Provided material >>
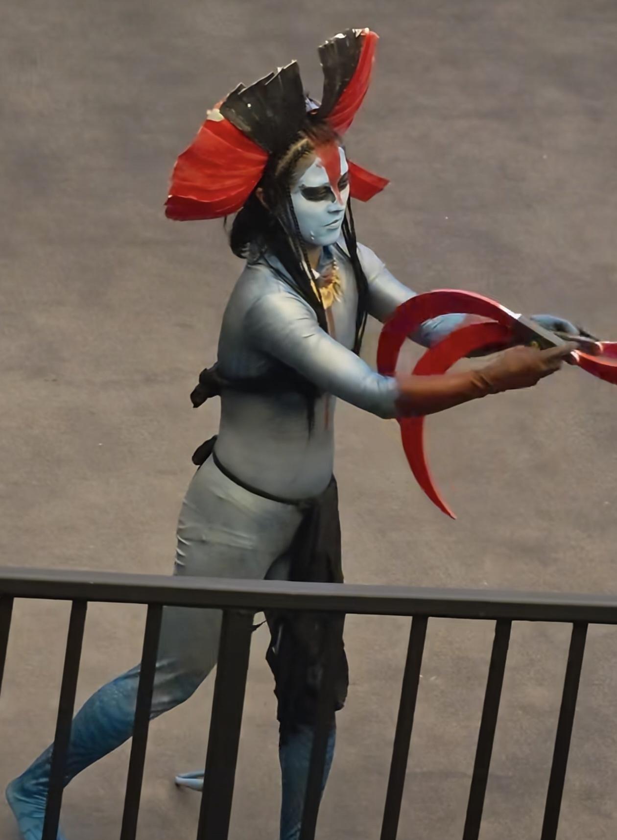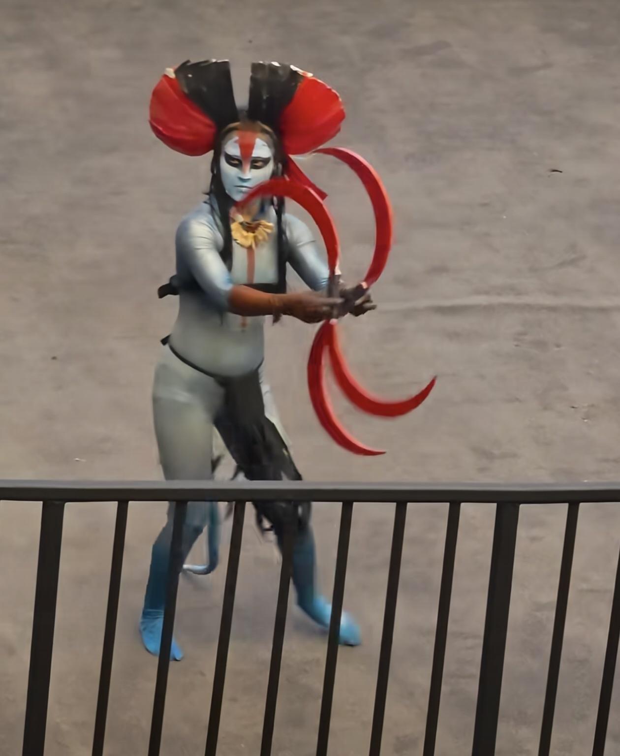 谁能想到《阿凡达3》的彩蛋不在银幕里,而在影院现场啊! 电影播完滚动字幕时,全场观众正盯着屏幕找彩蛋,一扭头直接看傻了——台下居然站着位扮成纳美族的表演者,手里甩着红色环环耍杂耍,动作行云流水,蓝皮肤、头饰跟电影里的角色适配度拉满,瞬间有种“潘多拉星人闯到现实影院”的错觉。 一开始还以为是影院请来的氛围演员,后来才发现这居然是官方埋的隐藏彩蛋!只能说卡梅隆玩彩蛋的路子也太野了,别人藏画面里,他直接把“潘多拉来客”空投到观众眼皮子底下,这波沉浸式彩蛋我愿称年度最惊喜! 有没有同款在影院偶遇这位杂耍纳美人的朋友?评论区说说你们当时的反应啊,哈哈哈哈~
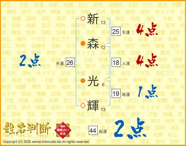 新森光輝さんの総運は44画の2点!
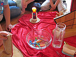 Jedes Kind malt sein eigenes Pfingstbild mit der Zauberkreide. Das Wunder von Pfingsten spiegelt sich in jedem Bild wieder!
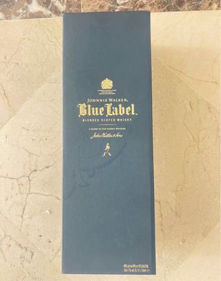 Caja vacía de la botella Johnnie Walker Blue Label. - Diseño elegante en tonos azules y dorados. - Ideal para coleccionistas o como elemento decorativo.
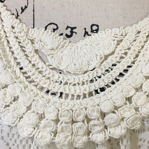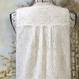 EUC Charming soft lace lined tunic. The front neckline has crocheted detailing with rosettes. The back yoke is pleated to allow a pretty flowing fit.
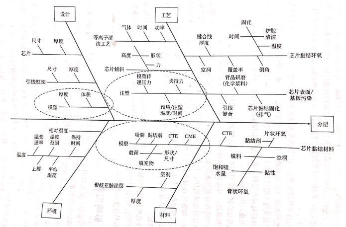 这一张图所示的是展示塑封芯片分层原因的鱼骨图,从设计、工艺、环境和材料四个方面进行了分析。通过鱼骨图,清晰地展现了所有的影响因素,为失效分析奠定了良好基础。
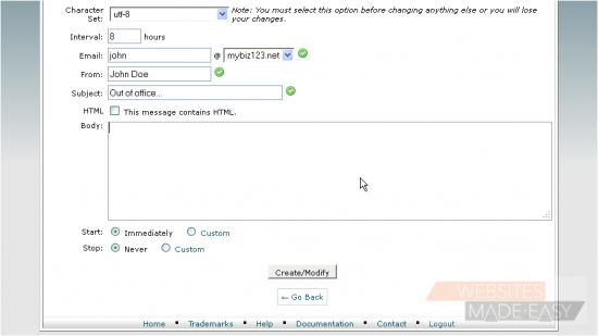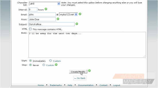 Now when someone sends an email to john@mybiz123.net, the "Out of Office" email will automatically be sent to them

Required action >>
With the pictures left out, return all the material above exactly.

Exercise answer >>
 谁能想到《阿凡达3》的彩蛋不在银幕里,而在影院现场啊! 电影播完滚动字幕时,全场观众正盯着屏幕找彩蛋,一扭头直接看傻了——台下居然站着位扮成纳美族的表演者,手里甩着红色环环耍杂耍,动作行云流水,蓝皮肤、头饰跟电影里的角色适配度拉满,瞬间有种“潘多拉星人闯到现实影院”的错觉。 一开始还以为是影院请来的氛围演员,后来才发现这居然是官方埋的隐藏彩蛋!只能说卡梅隆玩彩蛋的路子也太野了,别人藏画面里,他直接把“潘多拉来客”空投到观众眼皮子底下,这波沉浸式彩蛋我愿称年度最惊喜! 有没有同款在影院偶遇这位杂耍纳美人的朋友?评论区说说你们当时的反应啊,哈哈哈哈~
 新森光輝さんの総運は44画の2点!
 Jedes Kind malt sein eigenes Pfingstbild mit der Zauberkreide. Das Wunder von Pfingsten spiegelt sich in jedem Bild wieder!
 Caja vacía de la botella Johnnie Walker Blue Label. - Diseño elegante en tonos azules y dorados. - Ideal para coleccionistas o como elemento decorativo.
 EUC Charming soft lace lined tunic. The front neckline has crocheted detailing with rosettes. The back yoke is pleated to allow a pretty flowing fit.
 这一张图所示的是展示塑封芯片分层原因的鱼骨图,从设计、工艺、环境和材料四个方面进行了分析。通过鱼骨图,清晰地展现了所有的影响因素,为失效分析奠定了良好基础。
 Now when someone sends an email to john@mybiz123.net, the "Out of Office" email will automatically be sent to them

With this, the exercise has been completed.